25 NOV | 2014
QUARTETO DE CORDAS DE MATOSINHOS
19:30 SALA 2
Vítor Vieira violino
Juan Maggiorani violino
Jorge Alves viola
Marco Pereira violoncelo
Vasco Mendonça
Caged Symphonies [2007; C.15min.]
1. Fluxo
2. Responsório
3. Mecanismo
Fernando Lopes-Graça
Catorze anotações para quarteto de cordas [1966; c.10min.]
Felix Mendelssohn
Quarteto de cordas nº 2 em Lá menor, op.13 [1827; c.30min.]

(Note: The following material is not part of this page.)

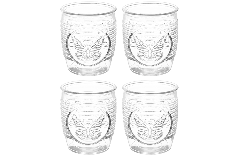 Набор стаканов Elan Gallery "Glaskraft" выполнен из стекла, состоит из четырёх предметов. Размер каждого стаканчика 8,5х8,5х10 см, объём – 380 мл. Используйте бокалы для любых прохладительных напитков: сока, лимонада (газировки) или минеральной воды. Каждый стакан украшен рельефным изображением бабочки. "Glaskraft" – это коллекция посуды для создания порядка и уюта на вашей кухне. Серия вдохновлена шведскими традициями и выполнена из прозрачного стекла с использованием элементов из металла или бамбука. Подойдут для молока, кефира или питьевого йогурта. Этот набор из 4 стаканчиков станет неотъемлемой частью сервировки вашего стола, создавая праздничное настроение даже в будни. Налейте в стаканы вино, шампанское, коктейли и наслаждайтесь любимыми напитками в кругу близких и друзей. Они станут незаменимой вещью для девичников и вечеринок. Не рекомендуется применять абразивные моющие средства. Можно мыть в ПММ (посудомоечной машине). Поставляются в стильной картонной коробке (упаковке). Набор красивых стеклянных стаканов – идеальный подарок любой женщине. "Glaskraft" – это функциональность и минимализм. Добавьте шведского уюта и очарования в каждый уголок вашего дома!
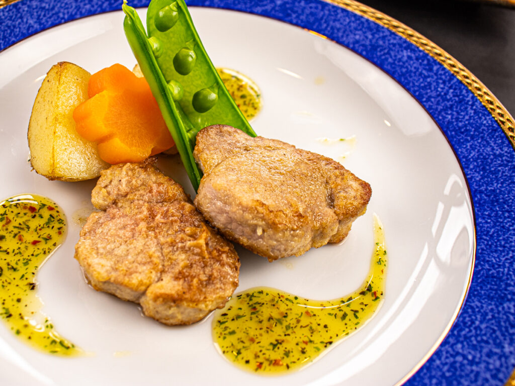 【洋皿】豚ヒレ肉のソテーを、バジルソースで温野菜と共にご賞味くださいませ。

1. Adagio – Allegro vivace
2. Adagio non lento
3. Intermezzo: Allegretto con moto – Allegro di molto
4. Presto – Adagio non lento
Vasco Mendonça (n. 1977)
Caged Symphonies
Caged Symphonies é constituída por três andamentos:
Fluxo, Responsório e Mecanismo. Cada um obedece a um
plano formal pré-composicional, de elasticidade reduzida, no qual o material se vai progressivamente inscrevendo. Essa rigidez estende-se, por sua vez, aos processos de
proliferação do material, através da utilização de um sistema modal de transposições limitadas e da restrição dos
modelos rítmicos.
Fluxo desenvolve-se sobre um fluxo rítmico de unidade
constante, desdobrado em duas métricas simultâneas, a
partir do qual os gestos temáticos vão sendo apresentados e desenvolvidos. Ao longo do andamento, esta textura vai sendo interrompida por objectos de natureza contrastante, que vão sinalizando um (aparente) recomeço
da actividade.
Em Responsório, é definida uma oposição inicial solista/grupo: a uma intervenção solística irá corresponder
sempre uma resposta do grupo. Esta geografia, inspirada na prática do canto responsorial, irá sofrer transformações ao longo do andamento, à medida que cada uma
destas entidades é afectada não só pela resposta da outra, mas pela própria natureza da convenção formal.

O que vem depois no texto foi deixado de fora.